Chievo (4,500 inhabitants) is a frazione of Verona located to the west of the city, around  from the historic city centre, on the shores of the river Adige.

It is best known for its football team, A.C. ChievoVerona, which competes in the second tier of Italian professional football, Serie B.

History
The name came from the Latin "clivium mantici" which means "the hill of the magic wood". Pastoral and farming activities date back to pre-Roman Celtic settlers. Placed on the shores of the river Adige the early inhabitants established a port, some mills and a water-powered saw on the river. Pipin, son of Charles, gifted the entire zone to the monastery of St. Procolo, near S. Zeno in Verona. In the 12th century Chievo had a church, a hospital and a stronghold in which Federico Barbarossa spent some nights. The Corte Bionde is the best preserved medieval building. Around 1450 the entire village was moved about  nearer to the city where the climate was healthier and vegetation more gorgeous.

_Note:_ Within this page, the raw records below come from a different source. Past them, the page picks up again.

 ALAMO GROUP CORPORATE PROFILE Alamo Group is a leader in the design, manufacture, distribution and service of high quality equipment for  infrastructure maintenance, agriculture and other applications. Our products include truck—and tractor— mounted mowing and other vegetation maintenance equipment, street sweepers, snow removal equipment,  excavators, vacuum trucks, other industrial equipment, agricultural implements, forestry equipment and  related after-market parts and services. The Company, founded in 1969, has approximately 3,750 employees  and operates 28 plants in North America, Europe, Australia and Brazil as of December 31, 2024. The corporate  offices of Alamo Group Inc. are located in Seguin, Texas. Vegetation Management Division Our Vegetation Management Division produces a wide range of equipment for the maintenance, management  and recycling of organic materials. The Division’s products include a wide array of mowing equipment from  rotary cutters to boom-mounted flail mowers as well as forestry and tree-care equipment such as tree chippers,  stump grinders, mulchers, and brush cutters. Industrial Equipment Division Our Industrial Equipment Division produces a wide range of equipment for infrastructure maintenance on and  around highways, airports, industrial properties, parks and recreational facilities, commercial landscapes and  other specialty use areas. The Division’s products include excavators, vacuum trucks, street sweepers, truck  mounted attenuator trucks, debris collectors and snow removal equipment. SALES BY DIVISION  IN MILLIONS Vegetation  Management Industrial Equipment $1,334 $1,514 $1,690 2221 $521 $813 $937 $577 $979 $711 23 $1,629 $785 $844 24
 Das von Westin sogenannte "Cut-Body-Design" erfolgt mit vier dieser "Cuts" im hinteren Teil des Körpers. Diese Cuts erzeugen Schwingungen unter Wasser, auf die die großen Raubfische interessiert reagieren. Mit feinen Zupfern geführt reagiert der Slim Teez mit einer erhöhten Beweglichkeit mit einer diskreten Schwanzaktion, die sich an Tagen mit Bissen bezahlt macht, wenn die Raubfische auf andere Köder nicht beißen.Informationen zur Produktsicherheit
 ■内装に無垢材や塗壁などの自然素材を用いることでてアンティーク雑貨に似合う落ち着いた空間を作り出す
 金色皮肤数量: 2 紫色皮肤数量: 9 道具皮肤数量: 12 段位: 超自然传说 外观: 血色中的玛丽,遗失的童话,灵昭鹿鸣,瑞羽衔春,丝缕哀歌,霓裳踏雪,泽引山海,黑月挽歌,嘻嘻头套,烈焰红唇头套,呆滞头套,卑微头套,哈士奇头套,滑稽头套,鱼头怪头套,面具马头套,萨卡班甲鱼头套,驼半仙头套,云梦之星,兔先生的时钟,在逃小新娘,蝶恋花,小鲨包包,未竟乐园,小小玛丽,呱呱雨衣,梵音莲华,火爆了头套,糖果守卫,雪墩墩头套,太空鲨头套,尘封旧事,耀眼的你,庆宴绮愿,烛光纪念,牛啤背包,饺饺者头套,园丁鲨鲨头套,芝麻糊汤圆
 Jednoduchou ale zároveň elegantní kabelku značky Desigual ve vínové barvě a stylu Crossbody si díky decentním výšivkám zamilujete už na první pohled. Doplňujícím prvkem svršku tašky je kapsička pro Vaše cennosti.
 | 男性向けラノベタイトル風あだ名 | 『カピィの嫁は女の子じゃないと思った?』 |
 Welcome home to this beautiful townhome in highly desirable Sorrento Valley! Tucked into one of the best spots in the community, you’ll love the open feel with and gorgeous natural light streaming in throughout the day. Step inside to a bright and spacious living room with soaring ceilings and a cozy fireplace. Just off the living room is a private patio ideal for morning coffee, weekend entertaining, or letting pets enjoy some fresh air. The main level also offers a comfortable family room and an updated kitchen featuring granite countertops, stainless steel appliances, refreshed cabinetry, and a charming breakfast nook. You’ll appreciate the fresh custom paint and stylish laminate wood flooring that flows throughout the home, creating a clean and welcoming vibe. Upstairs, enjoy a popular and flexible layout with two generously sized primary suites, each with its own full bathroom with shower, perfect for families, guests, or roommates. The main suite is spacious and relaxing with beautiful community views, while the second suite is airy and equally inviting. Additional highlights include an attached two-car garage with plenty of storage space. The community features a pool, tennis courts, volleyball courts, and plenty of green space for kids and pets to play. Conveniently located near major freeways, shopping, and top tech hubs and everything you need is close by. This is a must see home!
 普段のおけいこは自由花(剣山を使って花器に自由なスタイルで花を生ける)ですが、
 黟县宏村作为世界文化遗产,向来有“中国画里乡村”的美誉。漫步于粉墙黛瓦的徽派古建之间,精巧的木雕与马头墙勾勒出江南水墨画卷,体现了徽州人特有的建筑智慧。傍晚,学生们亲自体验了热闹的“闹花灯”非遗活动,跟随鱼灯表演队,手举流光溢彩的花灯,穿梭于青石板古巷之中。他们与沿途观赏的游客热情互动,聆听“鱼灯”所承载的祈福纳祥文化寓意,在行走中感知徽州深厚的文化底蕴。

The actual parish church with a reliquary was built at that time. In 1892 the ten church bells were cast, and are still rung today in the style of the Veronese bellringing art.

Points of interest
Forte Chievo: polygonal fort built between 1850 and 1852 by the Austrians as part of Verona's defensive system.
Villa Pellegrini Marioni Pullè: 17th–18th century villa; the walls of its estate fence the western side of Chievo's main square.
Nowadays it is owned by INPS (Italian national social security institute) and in a state of disrepair.

Ponte diga del Chievo: dam and footbridge over the river Adige, built in the 1920s.